_Exercise details_
Begin your copy at the line with "Postkarte mit John" in the records below and end it at the line with "Trendy en hippe", restating each line word for word; omit the pictures.

_Input records_
________________________________________

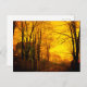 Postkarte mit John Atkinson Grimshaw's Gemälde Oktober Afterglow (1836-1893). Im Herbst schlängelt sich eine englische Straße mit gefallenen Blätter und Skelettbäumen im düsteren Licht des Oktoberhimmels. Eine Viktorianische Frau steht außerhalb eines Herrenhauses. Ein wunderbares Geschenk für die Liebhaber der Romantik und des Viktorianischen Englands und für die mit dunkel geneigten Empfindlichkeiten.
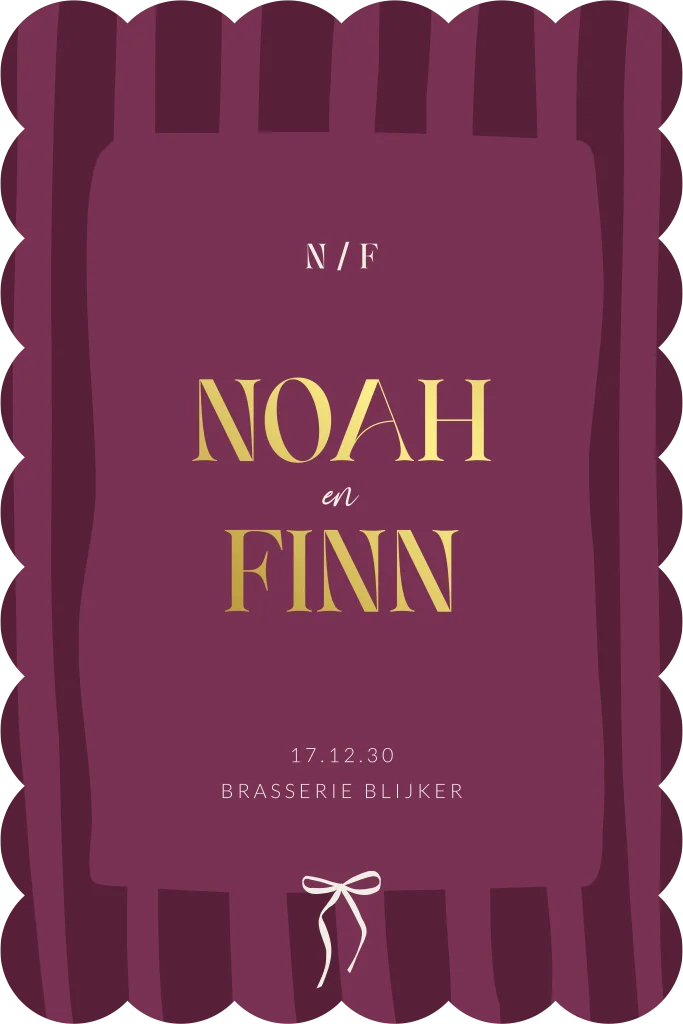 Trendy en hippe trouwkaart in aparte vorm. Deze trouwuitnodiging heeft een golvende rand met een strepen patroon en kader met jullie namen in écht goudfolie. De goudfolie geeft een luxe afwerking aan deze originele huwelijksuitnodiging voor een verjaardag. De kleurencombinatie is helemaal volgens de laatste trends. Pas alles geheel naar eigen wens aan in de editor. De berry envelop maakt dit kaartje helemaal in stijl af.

________________________________________

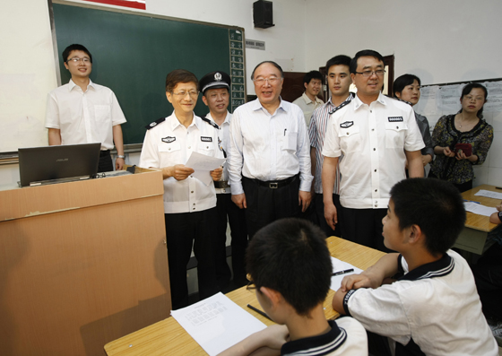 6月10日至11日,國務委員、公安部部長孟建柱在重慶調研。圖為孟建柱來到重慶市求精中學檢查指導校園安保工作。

________________________________________

_Response to the exercise_
 Postkarte mit John Atkinson Grimshaw's Gemälde Oktober Afterglow (1836-1893). Im Herbst schlängelt sich eine englische Straße mit gefallenen Blätter und Skelettbäumen im düsteren Licht des Oktoberhimmels. Eine Viktorianische Frau steht außerhalb eines Herrenhauses. Ein wunderbares Geschenk für die Liebhaber der Romantik und des Viktorianischen Englands und für die mit dunkel geneigten Empfindlichkeiten.
 Trendy en hippe trouwkaart in aparte vorm. Deze trouwuitnodiging heeft een golvende rand met een strepen patroon en kader met jullie namen in écht goudfolie. De goudfolie geeft een luxe afwerking aan deze originele huwelijksuitnodiging voor een verjaardag. De kleurencombinatie is helemaal volgens de laatste trends. Pas alles geheel naar eigen wens aan in de editor. De berry envelop maakt dit kaartje helemaal in stijl af.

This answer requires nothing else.